=== INFORMATION SUPPLIED ===

^^^^^^^^

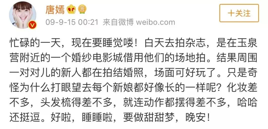 很多年前,唐嫣看着别人的婚礼,说着自己“要做甜甜的梦”
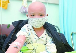 昨日下午,重醫附屬兒童醫院血液科一間病房內,傳出一陣歡笑聲,幾個活潑的卡通人物在DV播放機熒屏中又唱又跳。可它們的歡樂顯然沒有傳遞給坐在13床病床上的8歲白血病患兒趙鵬。這個輸著化療藥物的小男孩那無神的雙眼始終沒有離開過電視,蒼白的小臉上沒有一絲笑容和快樂,寫滿了平靜和深沉,仿佛心思根本沒有放在小朋友們通常都喜愛的卡通片上。
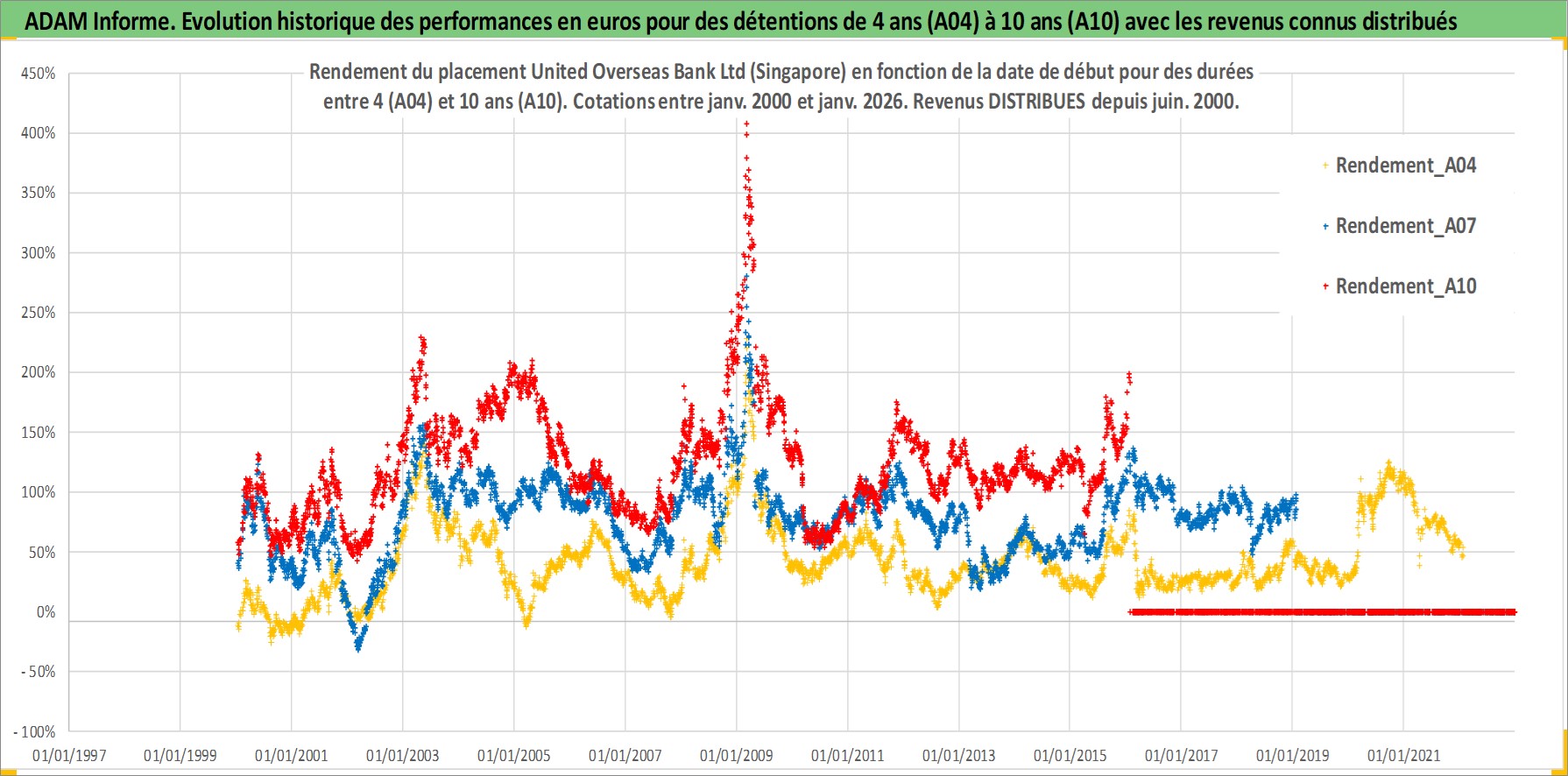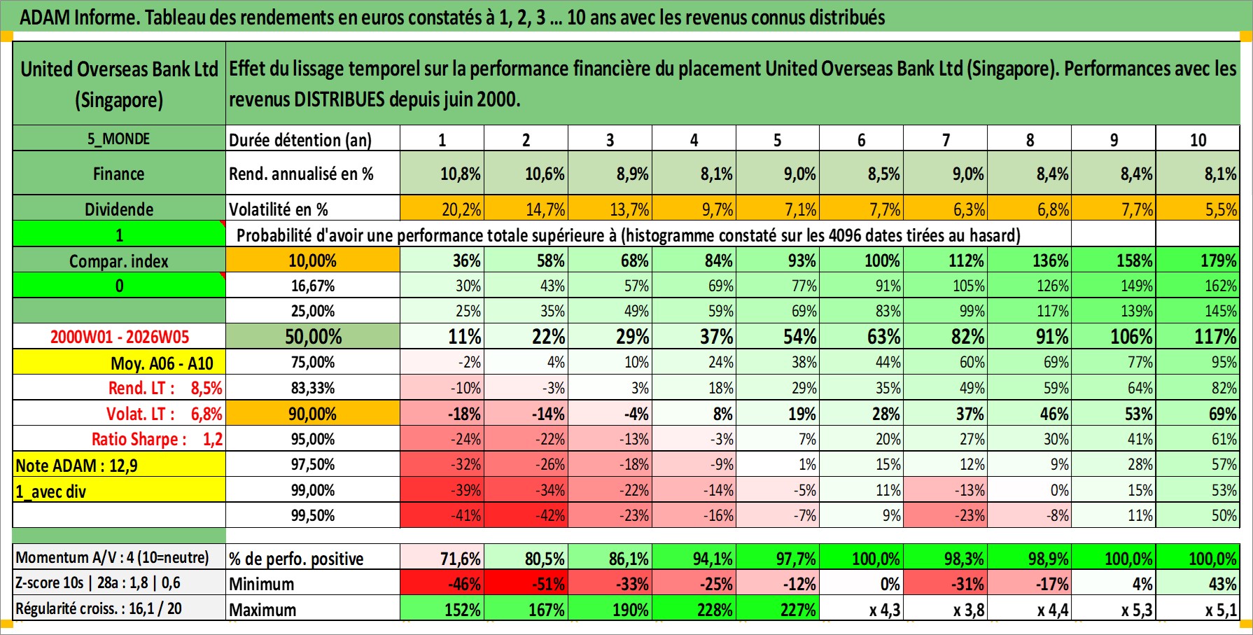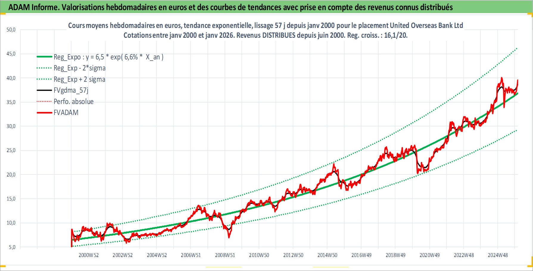 Site dédié aux investisseursPage dédiée sur site financeAnalyse des valorisations hebdomadaires de l'action United Overseas Bank Ltd (Singapore). Cet actif est cote en SGD. Les valorisations sont en contrevaleur EURO et couvrent les semaines 2000W01 a 2026W05. Les revenus de cet actif financier sont pris en compte depuis la semaine 2000W22. La note globale ESG de cet actif est estimee a 10.0 (apres rebasage entre 0 et 20).

^^^^^^^^

=== WHAT NEEDS TO BE DONE ===
One exact copy of the data is required, and it should hold no pictures.

=== PROBLEM SOLUTION ===
 很多年前,唐嫣看着别人的婚礼,说着自己“要做甜甜的梦”
 昨日下午,重醫附屬兒童醫院血液科一間病房內,傳出一陣歡笑聲,幾個活潑的卡通人物在DV播放機熒屏中又唱又跳。可它們的歡樂顯然沒有傳遞給坐在13床病床上的8歲白血病患兒趙鵬。這個輸著化療藥物的小男孩那無神的雙眼始終沒有離開過電視,蒼白的小臉上沒有一絲笑容和快樂,寫滿了平靜和深沉,仿佛心思根本沒有放在小朋友們通常都喜愛的卡通片上。
 Site dédié aux investisseursPage dédiée sur site financeAnalyse des valorisations hebdomadaires de l'action United Overseas Bank Ltd (Singapore). Cet actif est cote en SGD. Les valorisations sont en contrevaleur EURO et couvrent les semaines 2000W01 a 2026W05. Les revenus de cet actif financier sont pris en compte depuis la semaine 2000W22. La note globale ESG de cet actif est estimee a 10.0 (apres rebasage entre 0 et 20).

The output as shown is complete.